Continued from Part I . . .

These 10 common problem areas can easily be avoided by paying attention to details.

6. Outside the Premises

A tenant should think beyond the four walls of the premises and consider whether it needs to use any amenities, such as parking and common-area conference rooms. Unless the lease directly grants the tenant the right to use such facilities, the tenant may find that they are unavailable when the landlord decides to convert the facilities to a different use.

7. Discount Rate

Many leases provide that upon a tenant default, the landlord may recover all the rent for the entire lease term, discounted to its present value at a specified rate. Many tenants and even some landlords confuse this discount rate with an interest rate. In fact, the lower the discount rate, the more the tenant will owe. A tenant should always negotiate for the highest discount rate possible, and a landlord should always negotiate for the lowest discount rate possible.

8. Tax-Exempt Tenant

A 501(c)(3) tax-exempt organization may sign a lease that requires the tenant to pay the taxes, believing it will be exempt from paying the taxes. However, under Oregon law, the county tax assessor will reject the application for exemption unless the lease expressly states that the rent has been set at a level to take into account that the tenant is a tax-exempt entity and that all the benefits of the property being exempt from taxation will inure solely to the tenant.

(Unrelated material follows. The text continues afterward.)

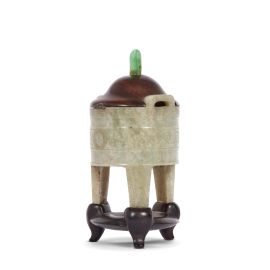 incensiere in giada con coperchio e base in legno. Manico del coperchio in giadeite.
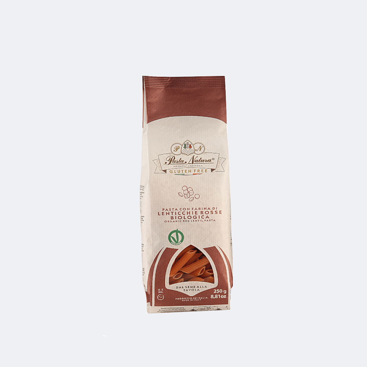 Pasta with red lentil flour brings joy to the table and stimulates the appetite of all diners, even the youngest. The beautiful color between orange and red allows you to make dishes with a lively and tasty look. The taste of red lentils is delicate, so it lends itself to any seasoning. The pasta with red lentil flour is rough and porous and retains the sauce well; it also keeps cooking and does not flake. With PASTA NATURA you will bring to the table an al dente pasta dish, healthy and genuine.

9. Casualty Damage to Tenant Improvements

Tenant improvements can often be very expensive, particularly in high-rise offices. Yet leases commonly fail to adequately address which party has the responsibility to insure the tenant improvements and to rebuild them upon casualty loss. A lease may provide that the landlord is responsible to rebuild the premises following casualty loss, which by its terms includes the tenant improvements. But the insurance the landlord carries may not cover the tenant improvements. Conversely, a tenant may assume that the lease requires the landlord to rebuild the tenant improvements and upon that assumption not obtain its own insurance, when in fact the lease does not so require.

10. Subordination and Non-Disturbance

Many leases provide that the lease is subordinate to any existing or future mortgage against the premises. From the tenant’s perspective, this clause should always be coupled with a “non-disturbance” clause, which provides that so long as the tenant performs under the lease, the tenant’s possession will not be disturbed. Without a non-disturbance clause, if the landlord defaults on its loan and the lender becomes the owner of the premises, the lender will have the ability to terminate the lease and evict the tenant. It will be able to use this right to extract a substantial increase in rental.

Both landlords and tenants can avoid danger by using an appropriately drafted lease. Money and time spent with an experienced real estate lawyer before signing a lease is money and time well spent.

A version of this article appeared in Oregon’s Daily Journal of Commerce in 2015.